(AVAILABLE DATA):

- - - - -

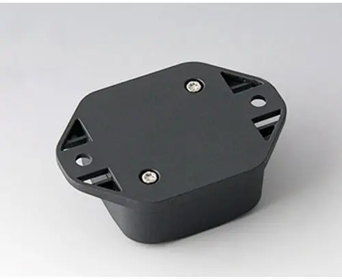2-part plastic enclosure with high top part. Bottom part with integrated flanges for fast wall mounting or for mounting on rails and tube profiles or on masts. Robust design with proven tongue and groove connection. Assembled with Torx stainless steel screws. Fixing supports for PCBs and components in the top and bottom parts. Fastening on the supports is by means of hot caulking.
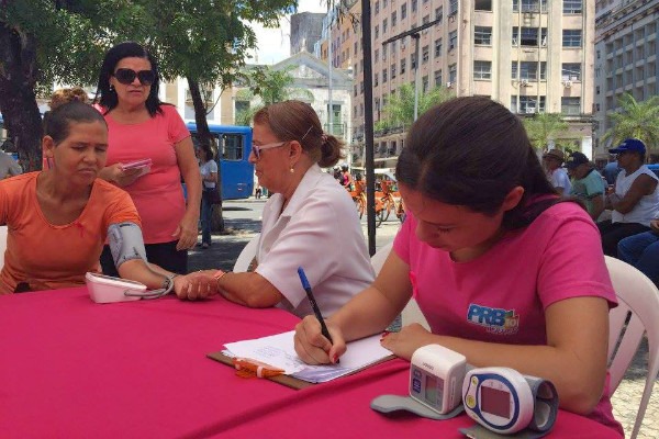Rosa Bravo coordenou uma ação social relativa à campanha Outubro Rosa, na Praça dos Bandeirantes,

- - - - -

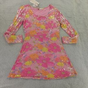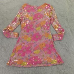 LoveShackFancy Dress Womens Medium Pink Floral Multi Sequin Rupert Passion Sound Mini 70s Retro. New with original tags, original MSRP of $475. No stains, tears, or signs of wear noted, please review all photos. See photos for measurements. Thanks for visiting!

- - - - -

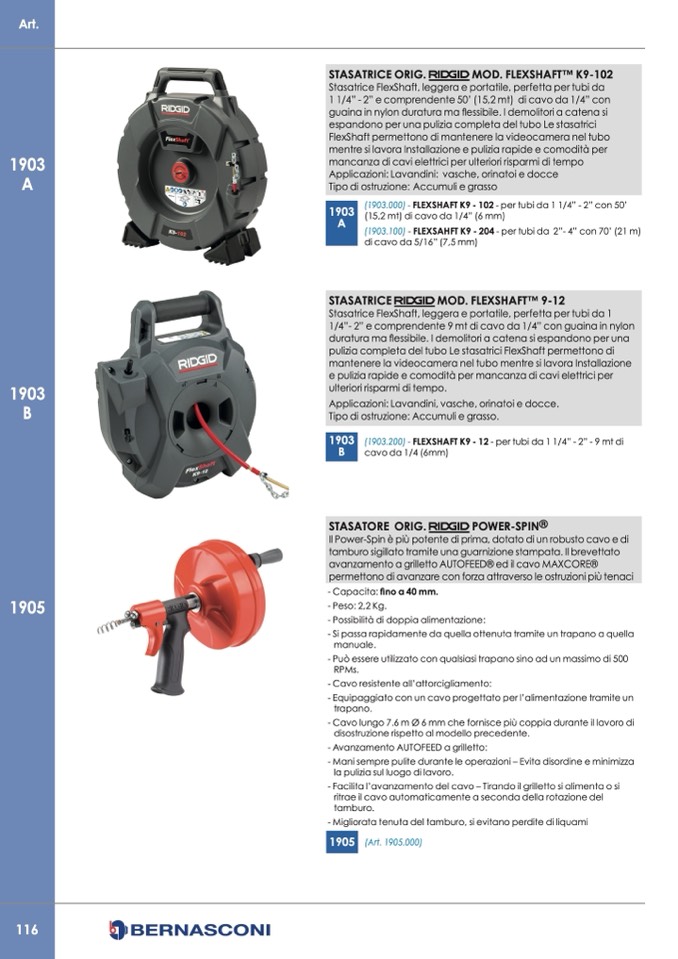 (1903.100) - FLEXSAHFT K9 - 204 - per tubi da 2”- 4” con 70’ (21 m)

- - - - -

(WHAT YOU NEED TO DO): Using the records above, return word for word the lines that begin at the one containing "2-part plastic enclosure" and end at the one containing "Rosa Bravo coordenou", both of them included and no pictures.

(FINISHED TASK):
2-part plastic enclosure with high top part. Bottom part with integrated flanges for fast wall mounting or for mounting on rails and tube profiles or on masts. Robust design with proven tongue and groove connection. Assembled with Torx stainless steel screws. Fixing supports for PCBs and components in the top and bottom parts. Fastening on the supports is by means of hot caulking.
Rosa Bravo coordenou uma ação social relativa à campanha Outubro Rosa, na Praça dos Bandeirantes,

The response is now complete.